In a few cases, I've been able to refine the regex in a way that worked on multiple formats. In one other case, I added a check specifically for a certain section of the site and changed what regex to use. This isn't great for a one-off but it's night-unmaintainable to continue doing. I'm not sure how I'll go about correcting this in the future. Is replacing the value for each domain with an array of possible regexes the way to go? Feedback on this aspect is definitely appreciated.

Anyway, now that the bot's done all its checking, it's time to move on to.

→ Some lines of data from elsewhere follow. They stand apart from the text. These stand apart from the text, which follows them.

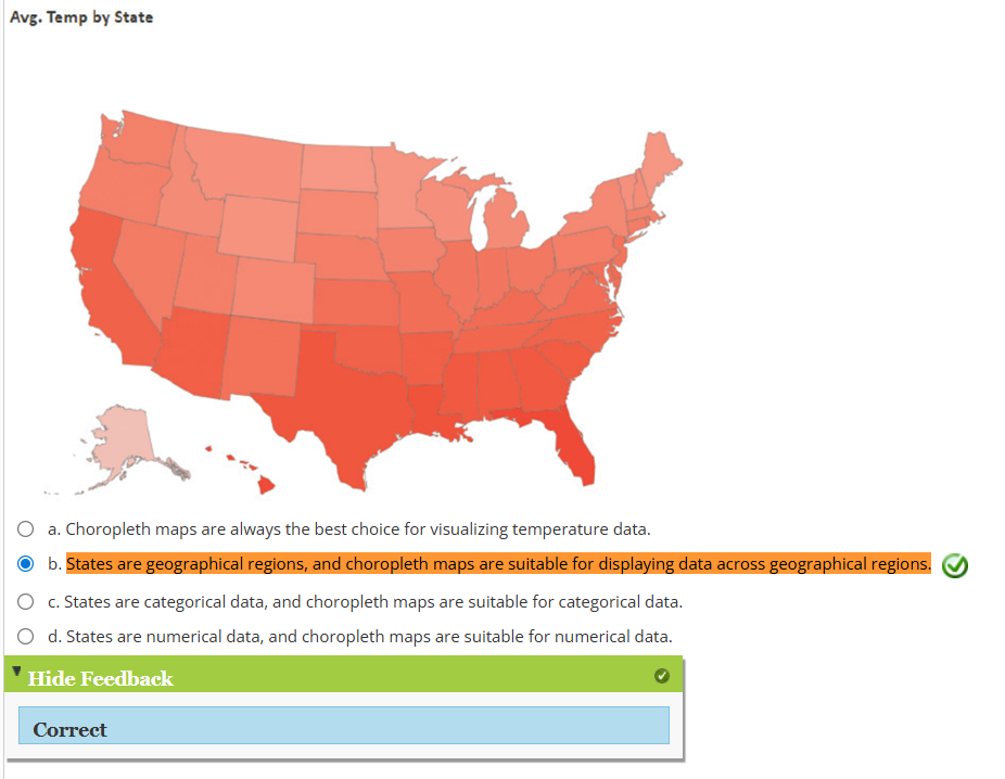 1. In the below Power BI example using sequential color, why is a choropleth map an appropriate choice for visualizing average annual temperature by state?
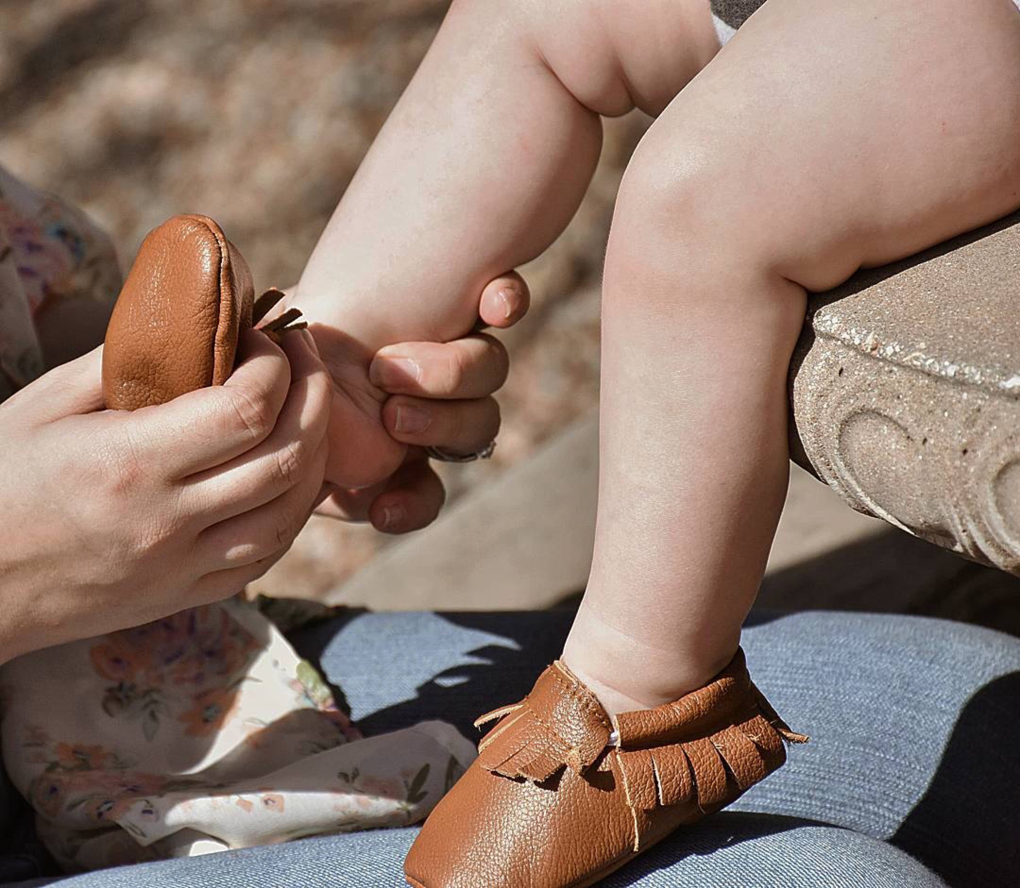 Baby Moccasins - Genuine Leather Baby Shoes (Classic Brown)
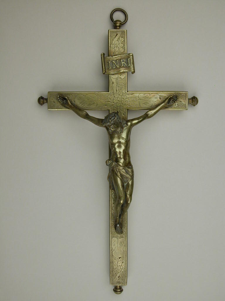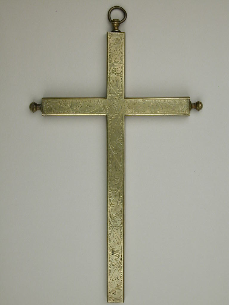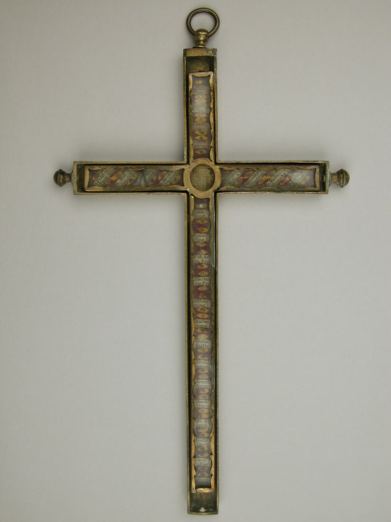 Reliekkruis met relieken van heiligen, met gegraveerde achtergrond met fruitbomen waaraan Christus met doornenkroon en lendedoek hangt

Respond to posts that violate the rule

This is again simple Reddit API stuff.

# If the bot should respond:
reddit.submission(id=submission).reply('Original headline:\n>#' + headline)

Putting it all together.

Because the code is pretty spread out above, here it is altogether,

from datetime import datetime
import praw, re, requests, html, sys, creds

reddit = praw.Reddit(client_id=creds.client_id,
                     client_secret=creds.client_secret,
                     password=creds.password,
                     user_agent='/r/Houston headline bot',
                     username=creds.username)

regexes = {
	"SomeDomain.com":"SOME REGEX",
    "SomeOtherDomain.com":"SOME OTHER REGEX"
}
url_regex = "(?<=\/\/).*?(?=\/)"

runtime = int(datetime.now().timestamp())

for submission in reddit.subreddit('houston').new(limit=10):
	subtime = submission.created_utc
	if subtime > runtime - 300:
		if not submission.is_self:
			domain = re.findall(url_regex, submission.url)[0]
			if domain in regexes:
				site_content = requests.get(url).text
				headline = html.unescape(re.findall(regexes[domain], site_content)[0].rstrip())
				if headline != submission.title.rstrip():
					reddit.submission(id=submission).reply('Original headline:\n>#' + headline)
	else:				
		sys.exit()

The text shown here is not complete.